* [DATA FOR REVIEW]:
● ● ●

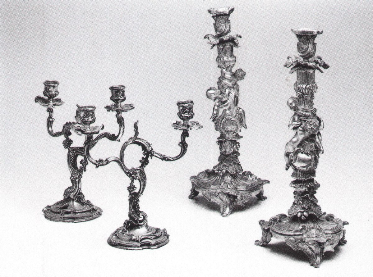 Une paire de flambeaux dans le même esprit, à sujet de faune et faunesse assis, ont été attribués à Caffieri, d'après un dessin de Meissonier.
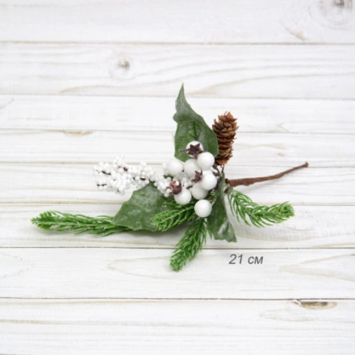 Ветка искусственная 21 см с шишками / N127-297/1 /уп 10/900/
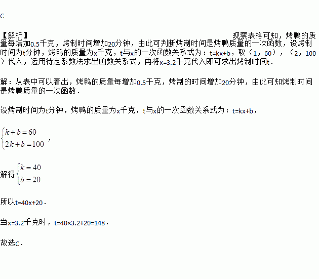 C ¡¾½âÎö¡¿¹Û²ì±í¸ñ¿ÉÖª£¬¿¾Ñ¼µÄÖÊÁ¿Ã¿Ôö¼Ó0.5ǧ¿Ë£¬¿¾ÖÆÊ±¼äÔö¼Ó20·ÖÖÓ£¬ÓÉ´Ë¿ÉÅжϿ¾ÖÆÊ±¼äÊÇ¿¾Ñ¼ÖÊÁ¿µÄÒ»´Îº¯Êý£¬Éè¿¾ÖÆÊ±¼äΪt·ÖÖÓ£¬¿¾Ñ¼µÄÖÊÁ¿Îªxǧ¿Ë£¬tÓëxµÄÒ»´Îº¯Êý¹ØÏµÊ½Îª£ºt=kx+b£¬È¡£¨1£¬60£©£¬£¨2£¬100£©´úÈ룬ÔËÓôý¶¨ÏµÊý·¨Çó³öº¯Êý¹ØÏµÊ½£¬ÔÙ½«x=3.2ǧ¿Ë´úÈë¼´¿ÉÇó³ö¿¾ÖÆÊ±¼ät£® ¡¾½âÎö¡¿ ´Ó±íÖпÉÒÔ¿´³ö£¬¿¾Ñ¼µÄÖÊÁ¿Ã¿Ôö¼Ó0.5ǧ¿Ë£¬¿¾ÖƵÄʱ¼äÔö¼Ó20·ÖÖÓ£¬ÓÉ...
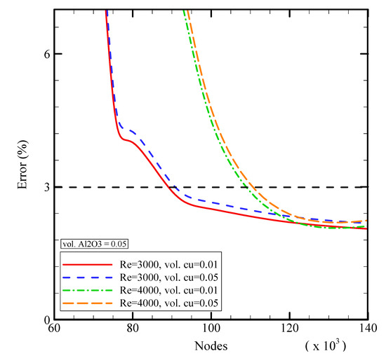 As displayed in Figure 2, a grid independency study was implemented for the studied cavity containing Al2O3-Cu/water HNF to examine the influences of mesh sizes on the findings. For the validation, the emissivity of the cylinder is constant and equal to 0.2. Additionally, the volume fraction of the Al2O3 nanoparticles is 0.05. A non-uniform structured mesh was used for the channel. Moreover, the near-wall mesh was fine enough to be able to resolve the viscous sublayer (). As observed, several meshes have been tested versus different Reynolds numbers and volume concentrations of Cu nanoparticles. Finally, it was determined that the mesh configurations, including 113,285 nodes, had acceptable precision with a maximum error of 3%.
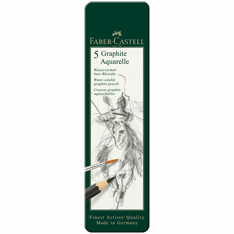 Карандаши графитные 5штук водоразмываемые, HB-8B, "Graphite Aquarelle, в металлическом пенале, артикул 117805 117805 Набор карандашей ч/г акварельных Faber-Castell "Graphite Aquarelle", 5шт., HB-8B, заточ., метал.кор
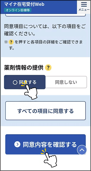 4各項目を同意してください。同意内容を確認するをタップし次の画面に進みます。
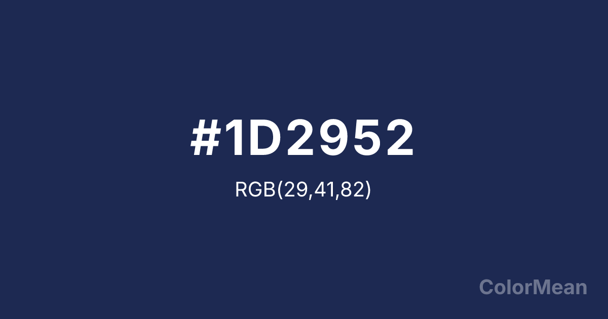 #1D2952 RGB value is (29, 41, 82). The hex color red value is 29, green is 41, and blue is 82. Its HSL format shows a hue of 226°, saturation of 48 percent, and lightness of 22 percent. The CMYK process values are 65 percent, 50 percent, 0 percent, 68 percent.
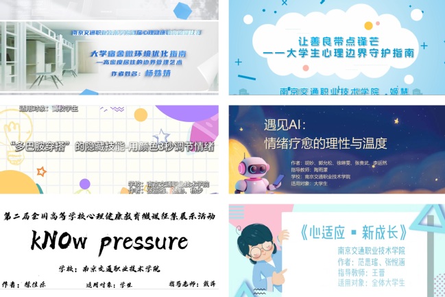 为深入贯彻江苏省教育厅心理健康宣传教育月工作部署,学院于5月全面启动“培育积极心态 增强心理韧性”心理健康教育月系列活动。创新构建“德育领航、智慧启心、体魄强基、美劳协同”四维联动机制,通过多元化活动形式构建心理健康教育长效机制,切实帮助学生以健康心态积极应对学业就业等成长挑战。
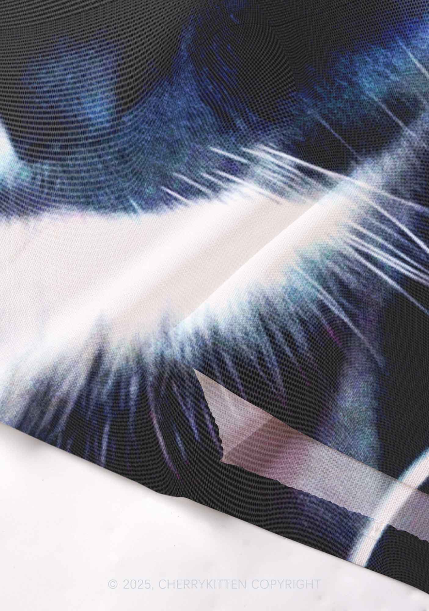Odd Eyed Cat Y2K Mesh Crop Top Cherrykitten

● ● ●

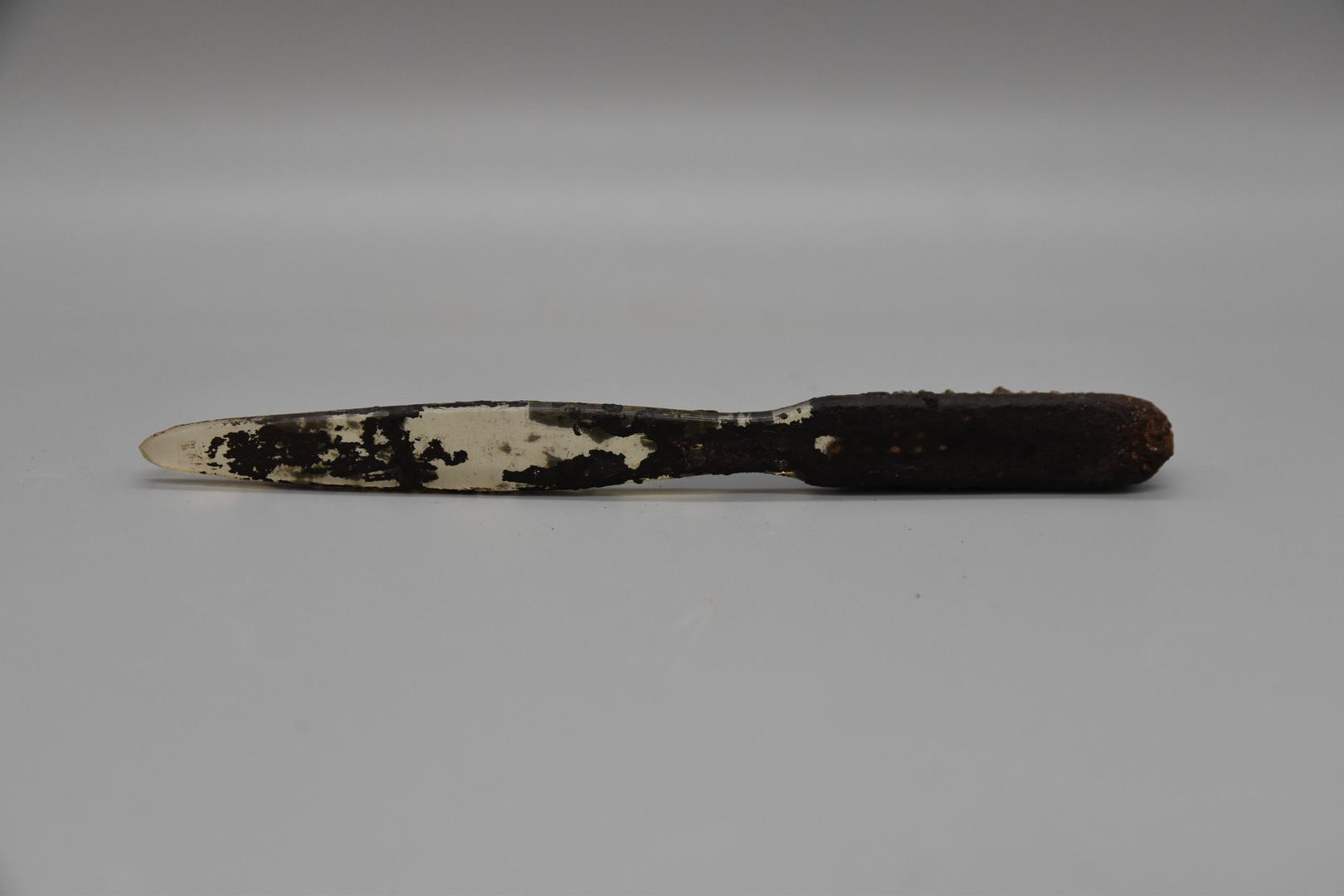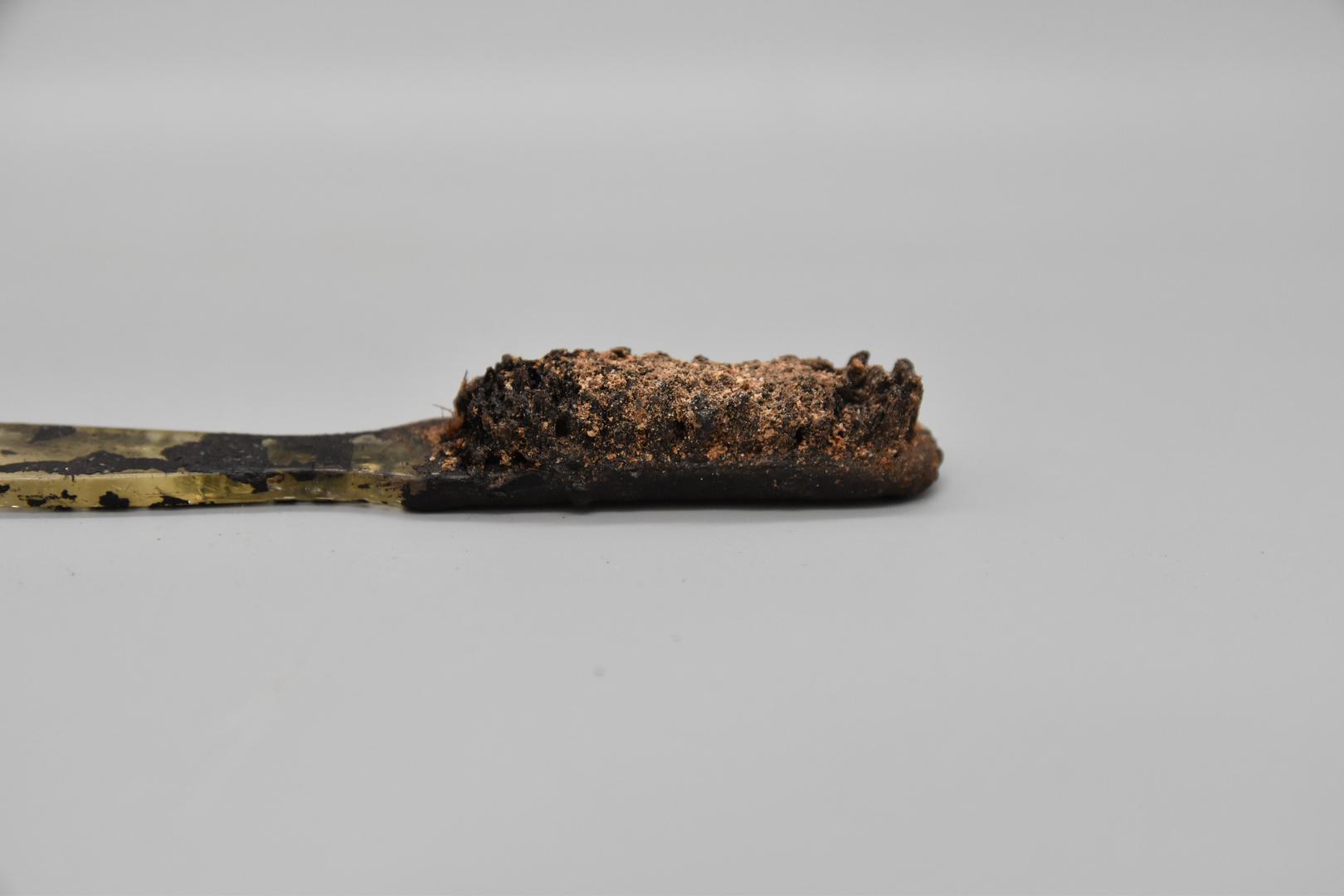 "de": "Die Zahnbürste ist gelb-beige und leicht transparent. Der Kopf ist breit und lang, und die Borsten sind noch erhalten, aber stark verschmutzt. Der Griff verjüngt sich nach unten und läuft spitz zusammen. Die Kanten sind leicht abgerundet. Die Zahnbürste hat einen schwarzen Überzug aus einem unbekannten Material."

● ● ●

* [WHAT NEEDS TO BE DONE]:
Your answer should be the exact lines above from the one containing "为深入贯彻江苏省教育厅心理健" through the one containing "Odd Eyed Cat Y2K Mesh Crop Top Cherrykitten", with both end lines kept and the pictures removed, please.

* [RESULT FOR THIS EXERCISE]:
 为深入贯彻江苏省教育厅心理健康宣传教育月工作部署,学院于5月全面启动“培育积极心态 增强心理韧性”心理健康教育月系列活动。创新构建“德育领航、智慧启心、体魄强基、美劳协同”四维联动机制,通过多元化活动形式构建心理健康教育长效机制,切实帮助学生以健康心态积极应对学业就业等成长挑战。
Odd Eyed Cat Y2K Mesh Crop Top Cherrykitten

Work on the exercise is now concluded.